By an Ordinance (East Pakistan Razakar Ordinance, 6th June 1971) the razkar, al-badr, al-shams were declared to be the auxiliary forces of the Pakistan Army. From Pakistan Government's Ordinance and surrender document of 16th December 1971, they appear to come within the definition of 'auxiliary forces'a term which the constitution of Bangladesh also mentions in Article 47 A.
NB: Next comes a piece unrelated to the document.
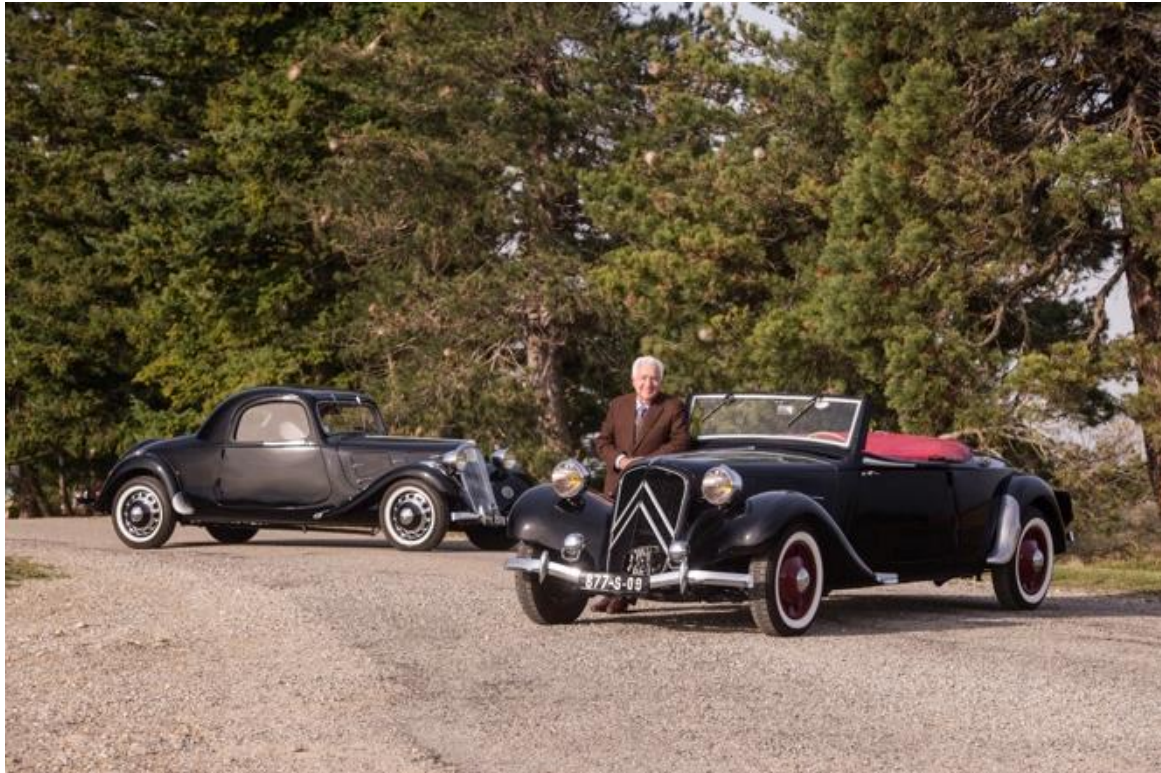
André Trigano with a 1939 Citroën Traction 11 B Cabriolet (estimate : 140 000 – 200 000 € / 153 000 – 218 000 $, no reserve ) and a 1935 Citroën Traction 7C coupé (estimate : 100 000 – 150 000 € / 110 000 – 164 000 $, no reserve)

Paris – The official Retromobile sale by Artcurial Motorcars is one of the most important collectors' car auctions in the world. Collectors and enthusiasts head to Paris every year for this unique event. Last year's sale, starring the Baillon Collection, realised 46 M€ / 52 M$ including premium, making it the largest collectors' car auction ever held in continental Europe. During the sale, Artcurial Motorcars, run by Matthieu Lamoure, sold a 1961 Ferrari 250GT SWB California Spider for 16,3 M€ / 18,5 M$ (inclusive of premium). This was the highest price worldwide for a car sold at auction during the 2014/2015 season, and the highest price for any item across all specialist areas to be sold at auction in France during 2015.

The Bangladesh statute 1973 has a provision on the responsibility of superiors but not of subordinates (this obstacle is removed after amendment in 2009 casting individual responsibility). Different international tribunals have different provisions dealing with the defense of superior orders. For the Sierra Leone Special Court, a superior order is not a defence to a prosecution but it may be pleaded in mitigation of sentence. There are similar provisions for East Timor, the former Yugoslavia and Rwanda, and Lebanon. The International Criminal Court statute in contrast provides that superior orders may be a defence where three criteria are met: (a) The person was under a legal obligation to obey orders of the Government or the superior in question, (b) The person did not know that the order was unlawful; and (c) The order was not manifestly unlawful. In case of Bangladesh it is too unlikely that the perpetrators would have the benefit of this defense.

Question of Challenges and standards
To my opinion political indifference are the first and formost obstacles to prosecution. Some other identified and presumed challenges of the trial are: i) fear of judges and prosecutors for their personal security ii) difficulties locating and securing the attendance of witnesses and defendants, iii) inadequate structures and procedures iv) processing of war crimes cases v) inadequate witness protection mechanisms vi) inadequate legal resources and poor dissemination of law reports and legal texts and vii) insufficient training on international criminal law. Actually these points are challenges as well as questions of standards. But it is true that the points are much more questions of commitment than law. Procedural fairness, frequently advocated, has no universal shape. Each tribunal becomes unique becuase of the mandate given by law, political and historical context of the tibunal is constituted. On the face of the international concern, media accessibility, it is argued that the Bangladesh tribunal for trying international crimes would apply procedural standards in identical fashion of other accepted tribunals. The procedural fairness should not be considered as rigid bench mark, but a constructive framework upon which the tribunal can deliver the justice.

Impunity of perpetrators of international crimes shakes the confidence of a society and remains as a permanent menace to development of the psychology of a nation. Failure of us to address impunity would seriously undermine the rule of law and negatively impact public confidence in the legal system. Conscientious efforts are to be made to face these challenges and bring those responsible for international crimes to justice. Let this 26th march rejuvenates our pledge to relieve ourselves from the ignominy of not holding the trial for forty years.

The writer is Assistant Professor of Law at the Jagannath University, Dhaka.